*WORK TO BE COMPLETED:* Type out the records that follow, exactly as given.

RAW DATA START

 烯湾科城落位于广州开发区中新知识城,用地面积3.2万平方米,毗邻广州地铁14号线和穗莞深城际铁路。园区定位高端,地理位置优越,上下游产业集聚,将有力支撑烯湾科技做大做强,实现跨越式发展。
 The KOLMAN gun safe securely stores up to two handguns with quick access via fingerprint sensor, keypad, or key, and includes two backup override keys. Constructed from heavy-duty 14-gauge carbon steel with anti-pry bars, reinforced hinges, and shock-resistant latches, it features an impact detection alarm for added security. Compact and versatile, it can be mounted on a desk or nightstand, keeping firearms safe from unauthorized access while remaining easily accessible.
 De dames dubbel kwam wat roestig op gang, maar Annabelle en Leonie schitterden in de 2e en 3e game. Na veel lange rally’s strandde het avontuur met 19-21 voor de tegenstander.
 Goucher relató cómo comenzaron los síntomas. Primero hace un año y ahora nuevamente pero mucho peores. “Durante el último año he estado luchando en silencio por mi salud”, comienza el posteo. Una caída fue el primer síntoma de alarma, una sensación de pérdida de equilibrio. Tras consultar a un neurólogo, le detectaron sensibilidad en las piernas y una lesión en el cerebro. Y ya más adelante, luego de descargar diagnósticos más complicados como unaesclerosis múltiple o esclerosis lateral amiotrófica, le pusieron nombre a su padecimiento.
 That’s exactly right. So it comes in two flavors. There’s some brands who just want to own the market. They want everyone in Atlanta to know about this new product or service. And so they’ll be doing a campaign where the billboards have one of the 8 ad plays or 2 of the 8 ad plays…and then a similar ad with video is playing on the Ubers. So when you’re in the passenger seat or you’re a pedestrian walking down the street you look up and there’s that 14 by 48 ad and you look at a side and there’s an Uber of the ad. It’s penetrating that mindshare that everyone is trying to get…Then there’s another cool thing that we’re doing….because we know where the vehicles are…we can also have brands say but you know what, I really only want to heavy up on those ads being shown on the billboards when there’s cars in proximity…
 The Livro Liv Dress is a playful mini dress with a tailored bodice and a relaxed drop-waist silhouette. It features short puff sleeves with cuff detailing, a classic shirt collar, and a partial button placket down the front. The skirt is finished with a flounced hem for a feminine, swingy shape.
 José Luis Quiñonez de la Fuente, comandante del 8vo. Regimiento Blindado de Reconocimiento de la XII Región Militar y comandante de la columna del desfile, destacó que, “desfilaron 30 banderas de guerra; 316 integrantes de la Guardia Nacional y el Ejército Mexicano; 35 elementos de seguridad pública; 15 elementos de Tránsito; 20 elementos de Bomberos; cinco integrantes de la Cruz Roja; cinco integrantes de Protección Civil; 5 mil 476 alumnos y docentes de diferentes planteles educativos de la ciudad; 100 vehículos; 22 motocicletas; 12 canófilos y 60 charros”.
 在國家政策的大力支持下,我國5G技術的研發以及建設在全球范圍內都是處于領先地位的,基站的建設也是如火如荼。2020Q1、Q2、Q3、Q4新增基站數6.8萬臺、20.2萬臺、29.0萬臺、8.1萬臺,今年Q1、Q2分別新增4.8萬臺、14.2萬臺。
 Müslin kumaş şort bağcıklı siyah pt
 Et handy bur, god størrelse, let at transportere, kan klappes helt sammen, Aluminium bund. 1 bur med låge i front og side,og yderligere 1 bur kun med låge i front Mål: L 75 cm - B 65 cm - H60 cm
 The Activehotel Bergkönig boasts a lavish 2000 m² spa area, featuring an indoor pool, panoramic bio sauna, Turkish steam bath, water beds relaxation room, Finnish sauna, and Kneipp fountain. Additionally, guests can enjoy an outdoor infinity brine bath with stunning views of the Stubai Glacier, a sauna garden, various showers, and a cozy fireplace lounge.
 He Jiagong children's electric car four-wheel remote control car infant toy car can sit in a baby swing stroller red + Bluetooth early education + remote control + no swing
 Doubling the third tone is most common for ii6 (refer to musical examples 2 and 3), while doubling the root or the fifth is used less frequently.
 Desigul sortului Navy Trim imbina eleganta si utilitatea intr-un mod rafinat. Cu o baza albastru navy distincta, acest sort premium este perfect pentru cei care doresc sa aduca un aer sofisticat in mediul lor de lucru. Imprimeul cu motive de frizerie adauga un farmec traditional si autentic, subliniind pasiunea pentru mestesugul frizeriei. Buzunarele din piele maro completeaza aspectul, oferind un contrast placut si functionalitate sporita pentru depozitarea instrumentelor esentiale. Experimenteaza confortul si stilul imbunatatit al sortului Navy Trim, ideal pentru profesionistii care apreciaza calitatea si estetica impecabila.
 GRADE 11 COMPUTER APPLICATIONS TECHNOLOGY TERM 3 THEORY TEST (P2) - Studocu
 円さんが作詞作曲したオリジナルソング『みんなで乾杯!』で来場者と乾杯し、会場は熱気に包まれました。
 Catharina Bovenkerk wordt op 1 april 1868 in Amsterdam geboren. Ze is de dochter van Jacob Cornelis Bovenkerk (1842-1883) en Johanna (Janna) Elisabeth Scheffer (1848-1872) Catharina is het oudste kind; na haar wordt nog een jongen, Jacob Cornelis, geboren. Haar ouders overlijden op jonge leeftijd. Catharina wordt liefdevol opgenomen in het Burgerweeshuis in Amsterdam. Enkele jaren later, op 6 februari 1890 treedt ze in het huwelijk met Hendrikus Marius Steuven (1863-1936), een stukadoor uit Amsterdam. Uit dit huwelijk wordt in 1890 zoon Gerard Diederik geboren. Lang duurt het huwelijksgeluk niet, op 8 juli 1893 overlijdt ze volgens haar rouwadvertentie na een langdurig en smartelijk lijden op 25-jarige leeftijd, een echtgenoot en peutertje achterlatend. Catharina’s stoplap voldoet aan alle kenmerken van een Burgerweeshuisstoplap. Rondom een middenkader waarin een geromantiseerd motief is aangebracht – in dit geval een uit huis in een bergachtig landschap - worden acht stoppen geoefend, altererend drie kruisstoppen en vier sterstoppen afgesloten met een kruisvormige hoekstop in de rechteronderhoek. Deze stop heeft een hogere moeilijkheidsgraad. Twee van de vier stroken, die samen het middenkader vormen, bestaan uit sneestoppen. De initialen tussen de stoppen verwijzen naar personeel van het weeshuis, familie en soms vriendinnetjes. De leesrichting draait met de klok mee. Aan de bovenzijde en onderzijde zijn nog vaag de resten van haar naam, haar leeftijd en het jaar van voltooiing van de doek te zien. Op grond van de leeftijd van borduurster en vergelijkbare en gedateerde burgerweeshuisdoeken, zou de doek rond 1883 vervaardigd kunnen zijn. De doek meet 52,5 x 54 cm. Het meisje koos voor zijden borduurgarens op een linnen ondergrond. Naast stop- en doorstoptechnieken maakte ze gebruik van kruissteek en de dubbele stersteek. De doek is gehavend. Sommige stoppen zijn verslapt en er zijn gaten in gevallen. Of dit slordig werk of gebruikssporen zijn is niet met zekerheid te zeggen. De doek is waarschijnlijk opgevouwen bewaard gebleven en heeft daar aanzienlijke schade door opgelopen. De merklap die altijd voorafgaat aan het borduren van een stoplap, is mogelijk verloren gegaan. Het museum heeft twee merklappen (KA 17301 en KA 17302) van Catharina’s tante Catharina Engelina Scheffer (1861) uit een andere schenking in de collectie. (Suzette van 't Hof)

RAW DATA END

*TASK SOLUTION:*
 烯湾科城落位于广州开发区中新知识城,用地面积3.2万平方米,毗邻广州地铁14号线和穗莞深城际铁路。园区定位高端,地理位置优越,上下游产业集聚,将有力支撑烯湾科技做大做强,实现跨越式发展。
 The KOLMAN gun safe securely stores up to two handguns with quick access via fingerprint sensor, keypad, or key, and includes two backup override keys. Constructed from heavy-duty 14-gauge carbon steel with anti-pry bars, reinforced hinges, and shock-resistant latches, it features an impact detection alarm for added security. Compact and versatile, it can be mounted on a desk or nightstand, keeping firearms safe from unauthorized access while remaining easily accessible.
 De dames dubbel kwam wat roestig op gang, maar Annabelle en Leonie schitterden in de 2e en 3e game. Na veel lange rally’s strandde het avontuur met 19-21 voor de tegenstander.
 Goucher relató cómo comenzaron los síntomas. Primero hace un año y ahora nuevamente pero mucho peores. “Durante el último año he estado luchando en silencio por mi salud”, comienza el posteo. Una caída fue el primer síntoma de alarma, una sensación de pérdida de equilibrio. Tras consultar a un neurólogo, le detectaron sensibilidad en las piernas y una lesión en el cerebro. Y ya más adelante, luego de descargar diagnósticos más complicados como unaesclerosis múltiple o esclerosis lateral amiotrófica, le pusieron nombre a su padecimiento.
 That’s exactly right. So it comes in two flavors. There’s some brands who just want to own the market. They want everyone in Atlanta to know about this new product or service. And so they’ll be doing a campaign where the billboards have one of the 8 ad plays or 2 of the 8 ad plays…and then a similar ad with video is playing on the Ubers. So when you’re in the passenger seat or you’re a pedestrian walking down the street you look up and there’s that 14 by 48 ad and you look at a side and there’s an Uber of the ad. It’s penetrating that mindshare that everyone is trying to get…Then there’s another cool thing that we’re doing….because we know where the vehicles are…we can also have brands say but you know what, I really only want to heavy up on those ads being shown on the billboards when there’s cars in proximity…
 The Livro Liv Dress is a playful mini dress with a tailored bodice and a relaxed drop-waist silhouette. It features short puff sleeves with cuff detailing, a classic shirt collar, and a partial button placket down the front. The skirt is finished with a flounced hem for a feminine, swingy shape.
 José Luis Quiñonez de la Fuente, comandante del 8vo. Regimiento Blindado de Reconocimiento de la XII Región Militar y comandante de la columna del desfile, destacó que, “desfilaron 30 banderas de guerra; 316 integrantes de la Guardia Nacional y el Ejército Mexicano; 35 elementos de seguridad pública; 15 elementos de Tránsito; 20 elementos de Bomberos; cinco integrantes de la Cruz Roja; cinco integrantes de Protección Civil; 5 mil 476 alumnos y docentes de diferentes planteles educativos de la ciudad; 100 vehículos; 22 motocicletas; 12 canófilos y 60 charros”.
 在國家政策的大力支持下,我國5G技術的研發以及建設在全球范圍內都是處于領先地位的,基站的建設也是如火如荼。2020Q1、Q2、Q3、Q4新增基站數6.8萬臺、20.2萬臺、29.0萬臺、8.1萬臺,今年Q1、Q2分別新增4.8萬臺、14.2萬臺。
 Müslin kumaş şort bağcıklı siyah pt
 Et handy bur, god størrelse, let at transportere, kan klappes helt sammen, Aluminium bund. 1 bur med låge i front og side,og yderligere 1 bur kun med låge i front Mål: L 75 cm - B 65 cm - H60 cm
 The Activehotel Bergkönig boasts a lavish 2000 m² spa area, featuring an indoor pool, panoramic bio sauna, Turkish steam bath, water beds relaxation room, Finnish sauna, and Kneipp fountain. Additionally, guests can enjoy an outdoor infinity brine bath with stunning views of the Stubai Glacier, a sauna garden, various showers, and a cozy fireplace lounge.
 He Jiagong children's electric car four-wheel remote control car infant toy car can sit in a baby swing stroller red + Bluetooth early education + remote control + no swing
 Doubling the third tone is most common for ii6 (refer to musical examples 2 and 3), while doubling the root or the fifth is used less frequently.
 Desigul sortului Navy Trim imbina eleganta si utilitatea intr-un mod rafinat. Cu o baza albastru navy distincta, acest sort premium este perfect pentru cei care doresc sa aduca un aer sofisticat in mediul lor de lucru. Imprimeul cu motive de frizerie adauga un farmec traditional si autentic, subliniind pasiunea pentru mestesugul frizeriei. Buzunarele din piele maro completeaza aspectul, oferind un contrast placut si functionalitate sporita pentru depozitarea instrumentelor esentiale. Experimenteaza confortul si stilul imbunatatit al sortului Navy Trim, ideal pentru profesionistii care apreciaza calitatea si estetica impecabila.
 GRADE 11 COMPUTER APPLICATIONS TECHNOLOGY TERM 3 THEORY TEST (P2) - Studocu
 円さんが作詞作曲したオリジナルソング『みんなで乾杯!』で来場者と乾杯し、会場は熱気に包まれました。
 Catharina Bovenkerk wordt op 1 april 1868 in Amsterdam geboren. Ze is de dochter van Jacob Cornelis Bovenkerk (1842-1883) en Johanna (Janna) Elisabeth Scheffer (1848-1872) Catharina is het oudste kind; na haar wordt nog een jongen, Jacob Cornelis, geboren. Haar ouders overlijden op jonge leeftijd. Catharina wordt liefdevol opgenomen in het Burgerweeshuis in Amsterdam. Enkele jaren later, op 6 februari 1890 treedt ze in het huwelijk met Hendrikus Marius Steuven (1863-1936), een stukadoor uit Amsterdam. Uit dit huwelijk wordt in 1890 zoon Gerard Diederik geboren. Lang duurt het huwelijksgeluk niet, op 8 juli 1893 overlijdt ze volgens haar rouwadvertentie na een langdurig en smartelijk lijden op 25-jarige leeftijd, een echtgenoot en peutertje achterlatend. Catharina’s stoplap voldoet aan alle kenmerken van een Burgerweeshuisstoplap. Rondom een middenkader waarin een geromantiseerd motief is aangebracht – in dit geval een uit huis in een bergachtig landschap - worden acht stoppen geoefend, altererend drie kruisstoppen en vier sterstoppen afgesloten met een kruisvormige hoekstop in de rechteronderhoek. Deze stop heeft een hogere moeilijkheidsgraad. Twee van de vier stroken, die samen het middenkader vormen, bestaan uit sneestoppen. De initialen tussen de stoppen verwijzen naar personeel van het weeshuis, familie en soms vriendinnetjes. De leesrichting draait met de klok mee. Aan de bovenzijde en onderzijde zijn nog vaag de resten van haar naam, haar leeftijd en het jaar van voltooiing van de doek te zien. Op grond van de leeftijd van borduurster en vergelijkbare en gedateerde burgerweeshuisdoeken, zou de doek rond 1883 vervaardigd kunnen zijn. De doek meet 52,5 x 54 cm. Het meisje koos voor zijden borduurgarens op een linnen ondergrond. Naast stop- en doorstoptechnieken maakte ze gebruik van kruissteek en de dubbele stersteek. De doek is gehavend. Sommige stoppen zijn verslapt en er zijn gaten in gevallen. Of dit slordig werk of gebruikssporen zijn is niet met zekerheid te zeggen. De doek is waarschijnlijk opgevouwen bewaard gebleven en heeft daar aanzienlijke schade door opgelopen. De merklap die altijd voorafgaat aan het borduren van een stoplap, is mogelijk verloren gegaan. Het museum heeft twee merklappen (KA 17301 en KA 17302) van Catharina’s tante Catharina Engelina Scheffer (1861) uit een andere schenking in de collectie. (Suzette van 't Hof)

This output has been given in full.